I am going to have to revise my plans for the beds a bit- mainly just in the quantities of particular varieties and the locations.  We will also likely be buying pepper transplants again this year.  We had an aphid problem in the grow room and I don’t think our pepper plants are going to make it.

This photo shows the garden as viewed from the southwest corner.  We will be planting On Deck Hybrid Sweet Corn from Burpee Seeds in the grow bags in the foreground.   It is essentially a dwarf variety of corn that has been bred to grow in containers.  You can fit up to 9 plants in a 24″ container.  The stalks should grow to 4 to 5 feet tall, and can produce a couple of ears each.  You can also see some of the concrete mixing pans we bought.  They are about 9″ deep and are about 36″ x 24″.  They seem to be perfect for shallow-rooted plants like lettuce and we are also going to try bush beans in a couple.  We planted mache, lettuce, spinach, beets and chard in 4 of them.

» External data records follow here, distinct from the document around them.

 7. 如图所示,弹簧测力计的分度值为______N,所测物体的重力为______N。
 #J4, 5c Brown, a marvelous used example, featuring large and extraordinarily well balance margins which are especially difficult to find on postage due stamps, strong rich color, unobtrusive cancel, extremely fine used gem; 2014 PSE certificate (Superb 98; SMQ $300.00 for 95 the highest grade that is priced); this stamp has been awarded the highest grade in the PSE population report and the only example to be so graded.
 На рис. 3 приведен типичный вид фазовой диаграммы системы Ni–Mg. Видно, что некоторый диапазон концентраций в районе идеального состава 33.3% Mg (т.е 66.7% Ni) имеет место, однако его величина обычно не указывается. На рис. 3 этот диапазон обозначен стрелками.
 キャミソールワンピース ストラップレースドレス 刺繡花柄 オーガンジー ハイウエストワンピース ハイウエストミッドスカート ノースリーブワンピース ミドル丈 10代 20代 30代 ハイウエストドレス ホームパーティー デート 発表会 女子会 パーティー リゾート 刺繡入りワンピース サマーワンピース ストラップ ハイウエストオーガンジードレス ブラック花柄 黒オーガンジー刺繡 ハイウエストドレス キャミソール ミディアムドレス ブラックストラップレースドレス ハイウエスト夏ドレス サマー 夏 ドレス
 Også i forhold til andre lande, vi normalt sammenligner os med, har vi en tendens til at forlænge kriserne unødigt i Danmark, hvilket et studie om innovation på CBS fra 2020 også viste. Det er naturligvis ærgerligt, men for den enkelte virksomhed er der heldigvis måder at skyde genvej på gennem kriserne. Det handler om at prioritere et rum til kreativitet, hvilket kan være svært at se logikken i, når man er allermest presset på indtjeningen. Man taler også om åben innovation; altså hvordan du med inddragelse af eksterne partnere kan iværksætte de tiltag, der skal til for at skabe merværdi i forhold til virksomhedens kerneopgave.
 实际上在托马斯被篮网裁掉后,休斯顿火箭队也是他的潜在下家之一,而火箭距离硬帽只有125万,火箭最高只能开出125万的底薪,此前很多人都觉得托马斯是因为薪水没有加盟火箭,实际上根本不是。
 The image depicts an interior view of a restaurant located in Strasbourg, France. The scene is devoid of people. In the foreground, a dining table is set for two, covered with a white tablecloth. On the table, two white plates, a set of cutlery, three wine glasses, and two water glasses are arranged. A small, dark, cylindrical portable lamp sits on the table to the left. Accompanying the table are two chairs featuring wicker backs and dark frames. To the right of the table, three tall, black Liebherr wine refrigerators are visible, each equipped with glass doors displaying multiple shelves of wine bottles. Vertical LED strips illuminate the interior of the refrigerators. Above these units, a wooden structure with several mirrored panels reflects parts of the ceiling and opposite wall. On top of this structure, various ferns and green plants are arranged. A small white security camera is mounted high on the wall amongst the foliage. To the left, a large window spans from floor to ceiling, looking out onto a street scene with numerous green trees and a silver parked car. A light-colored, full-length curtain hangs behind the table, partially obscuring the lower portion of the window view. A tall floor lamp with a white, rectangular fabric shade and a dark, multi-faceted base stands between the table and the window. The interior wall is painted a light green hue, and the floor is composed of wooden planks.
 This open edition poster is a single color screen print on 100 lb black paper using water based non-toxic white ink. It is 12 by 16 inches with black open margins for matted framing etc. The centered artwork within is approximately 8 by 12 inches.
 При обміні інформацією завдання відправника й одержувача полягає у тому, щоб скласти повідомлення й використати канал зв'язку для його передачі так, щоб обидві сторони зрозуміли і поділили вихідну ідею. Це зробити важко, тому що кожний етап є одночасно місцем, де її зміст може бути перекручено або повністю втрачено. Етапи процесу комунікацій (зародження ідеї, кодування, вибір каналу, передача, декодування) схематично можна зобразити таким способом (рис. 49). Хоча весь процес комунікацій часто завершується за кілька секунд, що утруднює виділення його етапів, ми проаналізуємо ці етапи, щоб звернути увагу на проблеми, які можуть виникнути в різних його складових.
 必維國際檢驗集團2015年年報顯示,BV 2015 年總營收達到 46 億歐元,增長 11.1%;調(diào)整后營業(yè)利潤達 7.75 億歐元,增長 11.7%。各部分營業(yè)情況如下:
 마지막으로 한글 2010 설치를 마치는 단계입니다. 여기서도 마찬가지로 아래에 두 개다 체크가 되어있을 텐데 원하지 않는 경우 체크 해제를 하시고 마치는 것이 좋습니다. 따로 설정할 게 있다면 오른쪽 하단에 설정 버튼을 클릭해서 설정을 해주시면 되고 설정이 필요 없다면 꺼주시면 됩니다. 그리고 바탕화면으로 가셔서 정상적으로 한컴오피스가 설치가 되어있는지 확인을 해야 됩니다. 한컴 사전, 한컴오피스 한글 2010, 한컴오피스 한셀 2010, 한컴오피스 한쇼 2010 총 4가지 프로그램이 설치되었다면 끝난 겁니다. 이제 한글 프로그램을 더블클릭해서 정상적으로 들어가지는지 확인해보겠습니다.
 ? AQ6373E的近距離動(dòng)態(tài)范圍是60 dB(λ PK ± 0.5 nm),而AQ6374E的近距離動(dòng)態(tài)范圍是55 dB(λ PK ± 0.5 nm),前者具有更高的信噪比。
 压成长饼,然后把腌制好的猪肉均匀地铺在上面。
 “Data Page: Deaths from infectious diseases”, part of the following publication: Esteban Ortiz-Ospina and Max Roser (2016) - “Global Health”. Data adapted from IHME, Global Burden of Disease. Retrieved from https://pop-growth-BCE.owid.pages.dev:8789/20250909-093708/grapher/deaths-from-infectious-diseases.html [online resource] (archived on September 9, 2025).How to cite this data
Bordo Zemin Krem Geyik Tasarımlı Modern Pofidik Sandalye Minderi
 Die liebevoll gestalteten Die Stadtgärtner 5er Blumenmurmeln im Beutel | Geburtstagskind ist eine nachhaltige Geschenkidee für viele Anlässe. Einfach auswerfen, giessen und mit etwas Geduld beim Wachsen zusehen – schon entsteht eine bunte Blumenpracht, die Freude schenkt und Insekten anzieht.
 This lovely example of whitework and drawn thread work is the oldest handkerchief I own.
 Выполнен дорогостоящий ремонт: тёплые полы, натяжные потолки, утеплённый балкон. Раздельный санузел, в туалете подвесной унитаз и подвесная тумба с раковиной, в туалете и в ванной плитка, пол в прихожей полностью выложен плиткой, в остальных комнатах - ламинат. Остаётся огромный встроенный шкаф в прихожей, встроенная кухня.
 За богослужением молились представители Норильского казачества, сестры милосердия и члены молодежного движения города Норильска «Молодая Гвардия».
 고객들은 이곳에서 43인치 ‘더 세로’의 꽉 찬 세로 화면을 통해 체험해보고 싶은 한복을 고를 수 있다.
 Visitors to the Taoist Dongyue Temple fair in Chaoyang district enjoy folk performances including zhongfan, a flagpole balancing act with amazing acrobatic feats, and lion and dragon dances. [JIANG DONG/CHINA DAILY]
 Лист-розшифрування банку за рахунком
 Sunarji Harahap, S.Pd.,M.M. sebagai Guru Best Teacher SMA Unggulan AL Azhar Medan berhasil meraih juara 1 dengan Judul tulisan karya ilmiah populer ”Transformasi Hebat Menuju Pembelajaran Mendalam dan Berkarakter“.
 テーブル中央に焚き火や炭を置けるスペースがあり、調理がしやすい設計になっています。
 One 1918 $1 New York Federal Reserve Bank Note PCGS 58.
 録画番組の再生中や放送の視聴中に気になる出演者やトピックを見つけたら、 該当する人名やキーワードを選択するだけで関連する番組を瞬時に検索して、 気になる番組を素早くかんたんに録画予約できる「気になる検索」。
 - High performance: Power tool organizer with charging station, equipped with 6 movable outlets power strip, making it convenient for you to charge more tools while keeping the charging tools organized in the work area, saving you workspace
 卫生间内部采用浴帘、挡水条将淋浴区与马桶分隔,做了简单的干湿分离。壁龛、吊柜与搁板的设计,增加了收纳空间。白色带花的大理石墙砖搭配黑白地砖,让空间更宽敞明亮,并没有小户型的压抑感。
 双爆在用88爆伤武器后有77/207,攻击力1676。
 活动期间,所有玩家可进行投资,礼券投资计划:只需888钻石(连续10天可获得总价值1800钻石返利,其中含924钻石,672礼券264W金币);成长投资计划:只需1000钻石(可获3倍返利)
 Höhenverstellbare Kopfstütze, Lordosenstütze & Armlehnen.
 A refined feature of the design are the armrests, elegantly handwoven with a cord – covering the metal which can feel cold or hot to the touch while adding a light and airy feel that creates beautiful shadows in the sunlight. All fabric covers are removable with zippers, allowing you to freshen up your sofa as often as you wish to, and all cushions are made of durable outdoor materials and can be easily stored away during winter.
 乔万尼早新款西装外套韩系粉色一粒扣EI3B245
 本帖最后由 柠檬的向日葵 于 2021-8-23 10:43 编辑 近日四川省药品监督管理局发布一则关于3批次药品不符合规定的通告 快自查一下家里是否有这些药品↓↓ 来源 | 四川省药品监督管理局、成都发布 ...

This is the view from the northwest corner of the garden.


We have to do a little work to resurrect the drip irrigation system we put in last spring.


Looking back from the southeast corner.  The two beds with the Agribon fabric have the seeds and transplants we set out in early March.  The probably did not need too much protection from the cold, but I put the fabric on to help protect them from some heavy rains that we have had.  I think we will have patty pan squash in the 3 grow bags in the foreground.  That’s a big pot of bee balm in the center there.


This is the straw bale garden.  It is our big experiment for this season as we have never tried it before.  We will be growing zucchini and winter squashes in this area and I think that I will reserve the back row for Greek gigantes beans.  We are in the middle of conditioning the bales now.   The straw wasn’t as seed-free as I had hoped but we will just pull out that growth when it is time to start planting.  We made the supports from 8 ft. t-poles and 4 ft. by 8 ft. cow panels.  We used these same panels last year for the same purpose, but we had them oriented vertically rather than horizontally.